The number of pending sales of existing homes in the US rose in February, giving the real estate market an optimistic outlook for the coming year.
Extended Homebuyer Tax Credit
Much of this recent increase in existing home sales has been attributed to the extended home buyer tax credit, which requires homebuyers to sign a sales contract by April 30th in order to be eligible. Pending sales on existing homes rose 8.2% according to the National Association of Realtors (NAR) Index, which now sits at 97.6, far above where economists thought February home sales numbers would be, with some actually predicting a decline of 0.5%.
There have been all sorts of so called green shoots in housing for months. Prices have steadied. Sales have increased at least slightly. Yet, none of it matters.

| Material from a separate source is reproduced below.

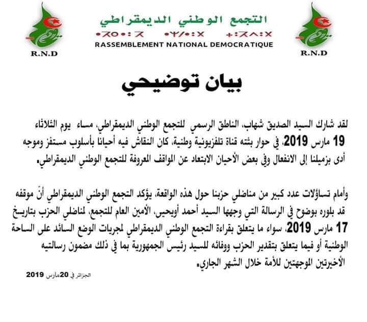 Le RND s’est clairement démarqué des propos tenus par son porte-parole, Seddik Chiheb, tenus mardi 19 mars à El Bilad TV.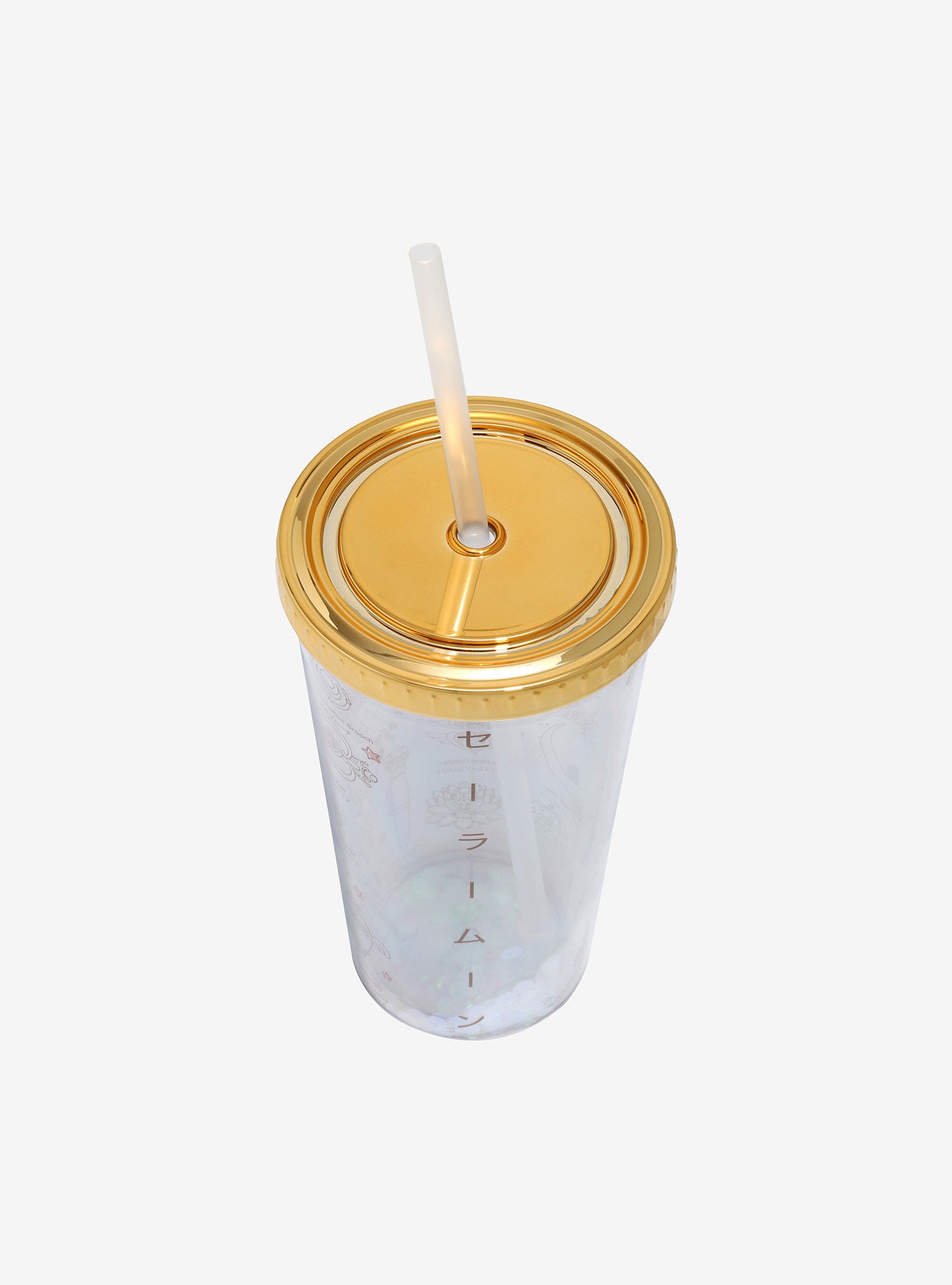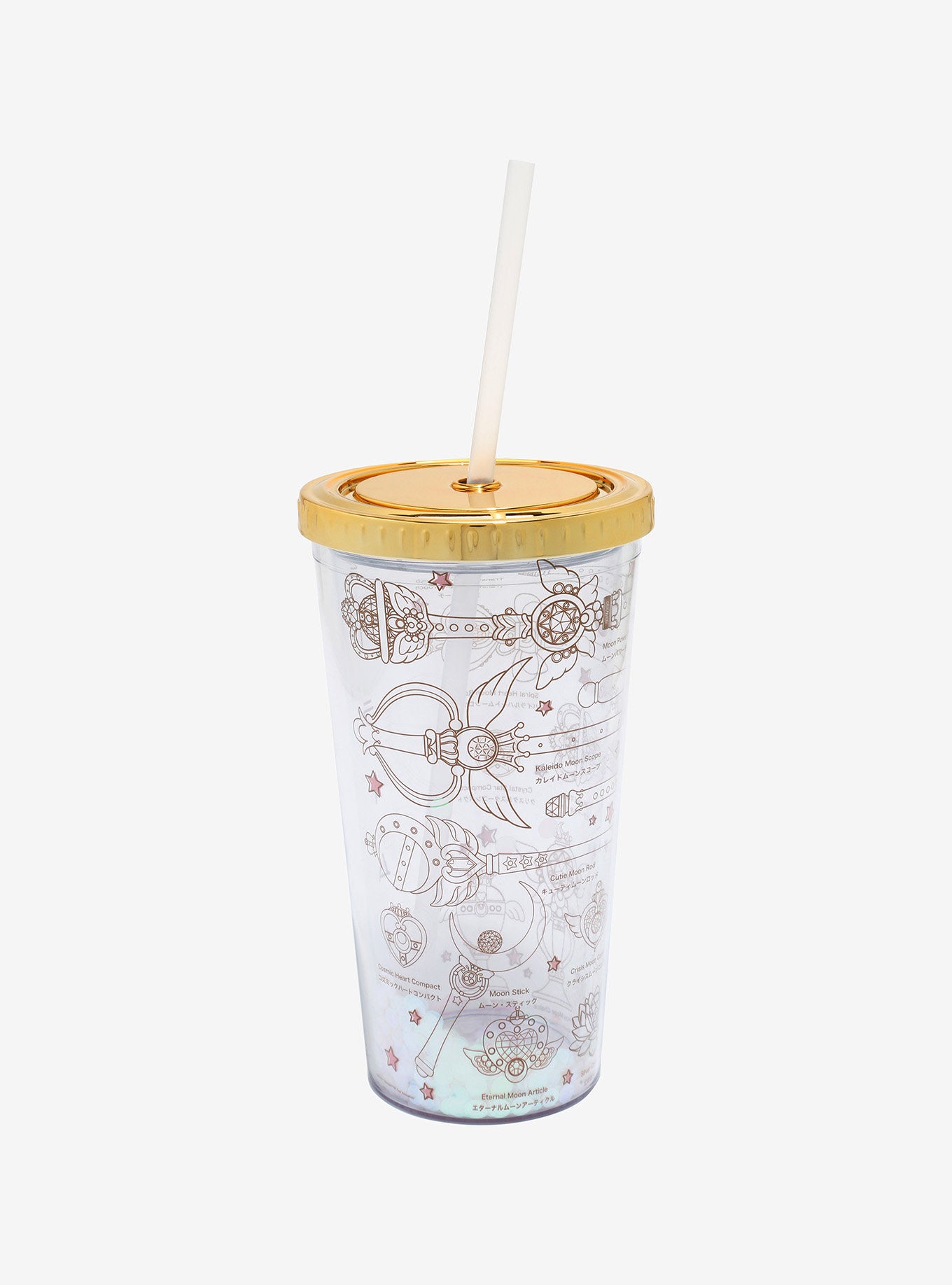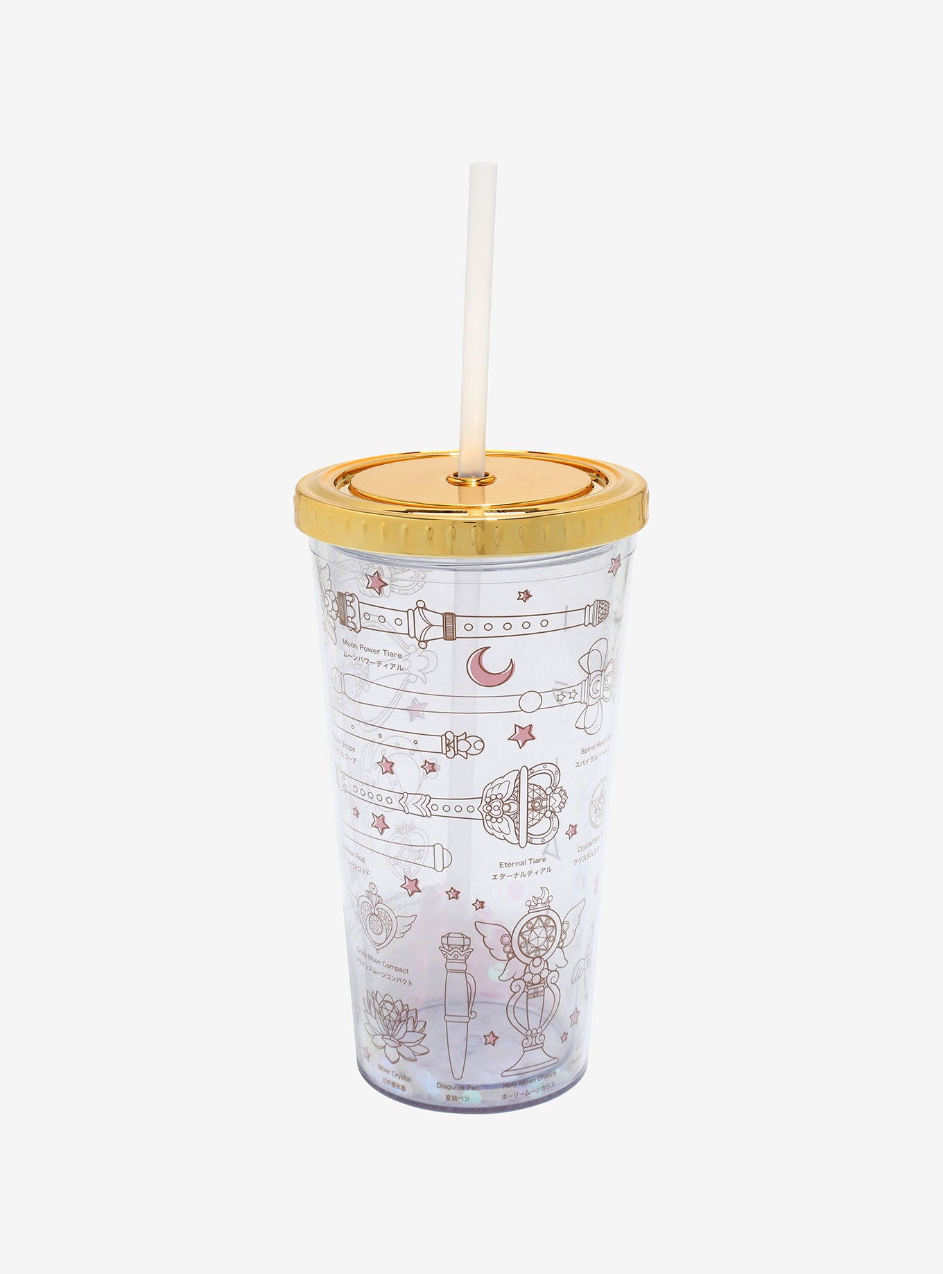 Elige tu arma para vencer la deshidratación. ¡Esta taza de viaje de acrílico de Sailor Moon cuenta con confeti iridiscente flotante libre y diferentes armas como Moon Stick, Cutie Moon Rod, Cosmic Heart Compact y más! Tapa dorada giratoria y pajita transparente reutilizable. Plástico sin BPA Solo lavar a mano No usar microondas

All that matters is what will happen over the next four to six months. That's because housing has been carried by two important stimuli and each has gone away or is about to go away. What will be critical is what will happen to the market once both go away.
The biggest stimuli was the Fed's quantitative easing that bought in excess of one trillion dollars of mortgage bonds. That's kept the thirty year mortgage at and below 5%. That ended on the first of April and now we'll see just how high mortgage rates will go without it. The market was barely motoring along while interest rates were at record levels. What will happen when rates go up? What if they only go up 1%. That's about $200 extra dollars a month in mortgage payments on a $200,000 mortgage.
Second, the first time home buyer credit incentive is about to expire at the end of the month. That gave first time homebuyers $8000 which could be applied directly to the down payment. That's no small amount. In fact, that largely drove the health March home sales numbers. So, what will happen to housing once these two go away?
In fact, it's scary to think just how weak the housing market has been considering the enormous stimulus that's been driven into the market. In fact, we've had near record low mortgage rates for more than a year and still the housing market has done little to recover. For almost nine months, first time home buyers were given an enormous credit and still the housing market was still not moving. So, we'll see where housing will go now that both will go away.
2 comments:
Mike,
I think virtually everyone is expecting mortgage rates to go up by at least 100pts or 1%, because of the Feds exit. So housing will be without the Feds help, and facing rising rates! Not to mention virtually everyone has acknowledged we'll be faced with high unemployment numbers for years. The modification programs don't seem to really work and encourage deliquency before one can apply (talk about a double edged sword). I think it'll be a very rough road.
The modification programs are not working and the Banks seem to be sitting on their foreclosures for the moment. Another question will be, what happens when more forclosed on properties enter the market?
Prices will drop and it will be increasingly difficult to get an accurate appraisal that the banks will accept. That will slow down the mortgage market.
Property tax revenue is going to go through the floor. Putting pressure on the States and Counties nationwide.